“那又如何?”田浩一摊手,无赖模样尽显:“她们敢光明正大的说,她们是宫里出来的人么?”

        “万一她们敢呢?”李文老大夫不服气。

        “若是敢的话,她们何必要借着商队掩护来田家堡,又蝎蝎螫螫的找上你们祖孙俩,早就明火执仗的留在丁家镇了。”王破也觉得田浩分析的有道理:“找上你们,无非是借你们引荐一二,想着你们祖孙俩身份不凡,这引荐极为容易。”
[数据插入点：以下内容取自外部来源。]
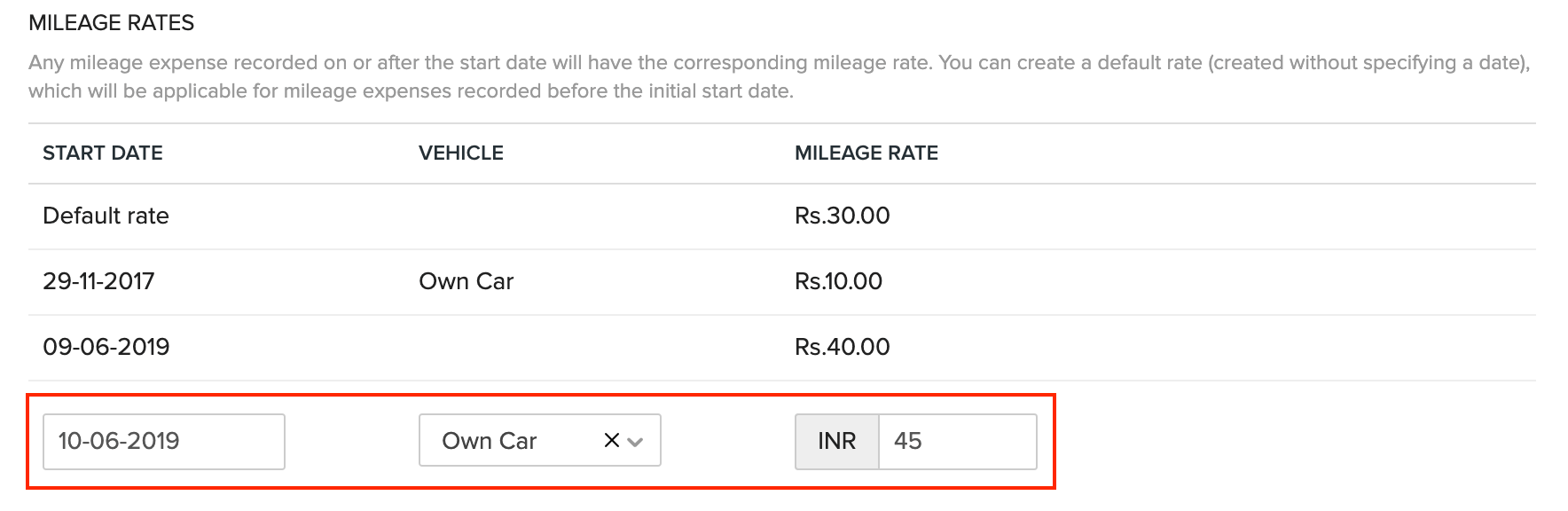 Mileage rates are used to calculate the expenses for travel based on the number of kilometers/miles travelled. Mileage rates can be recorded for different days. So when you record an expense for that particular day, the corresponding mileage will be applied.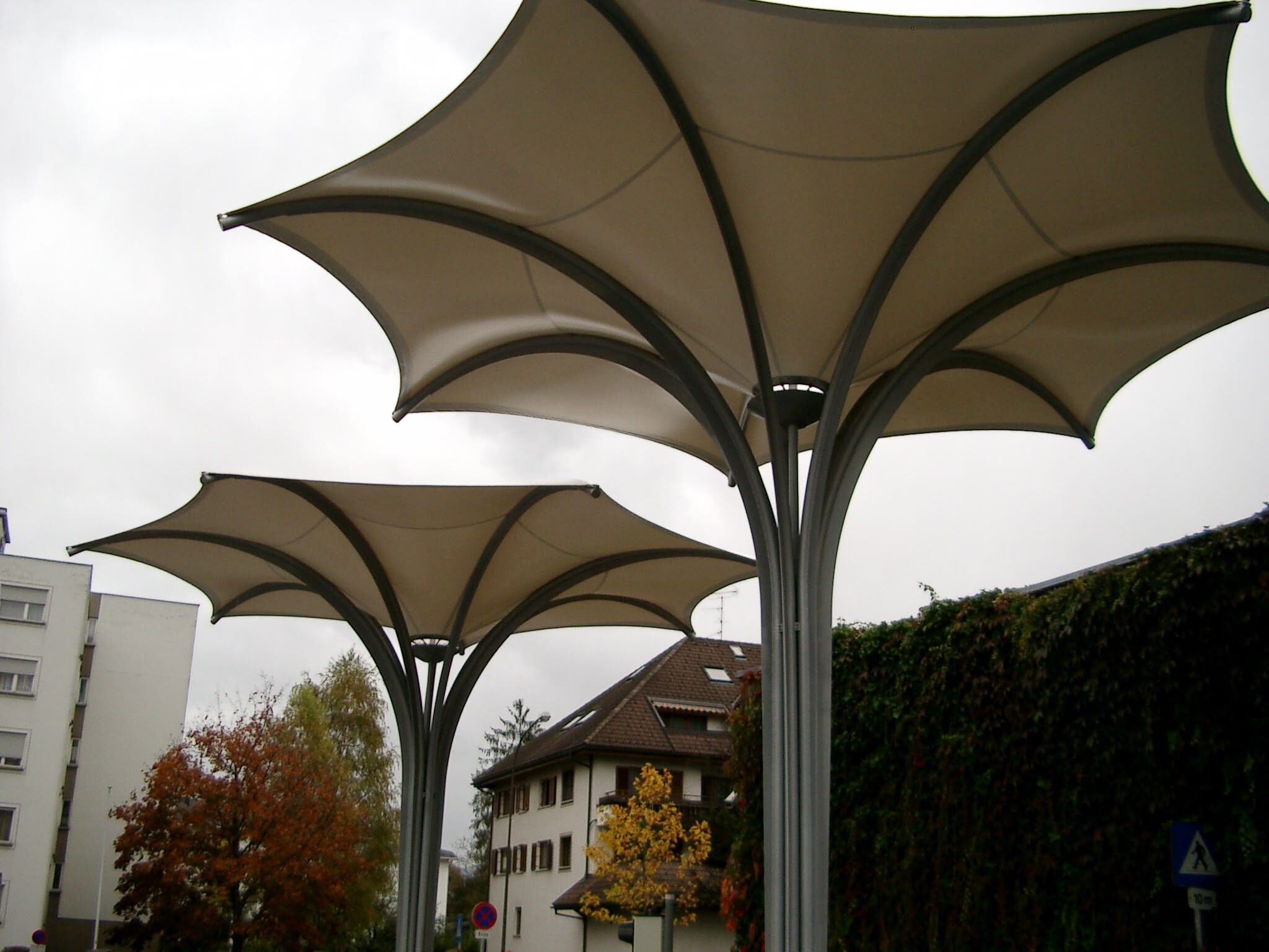 Die Zufahrtsüberdachung der Parkplatzeinfahrt für das Krankenhaus Hohenems in Österreich wurde mit zwei Trichterschirmen mit je einem Durchmesser von 7,20 m realisiert.

        “不错,引荐容易,但用不用,却在我。”田浩收敛了脸上的笑容:“王破说的很对,她们再厉害,也没用!这里是我的地盘,想要我引荐给三舅母,托付性命之事何其大?我岂能轻易的,随随便便的,就信了陌生人?她们既然来了,那就好好问一问,可有什么能耐?万一孩子胎位不正该如何办?万一产妇没了力气该如何办?知道什么是产前预备吗?产房消毒知道怎么做么?急救措施有几种?”

        这些统统都是医女们学过的理论知识,且运用在实际上,略有所出入,但却有效。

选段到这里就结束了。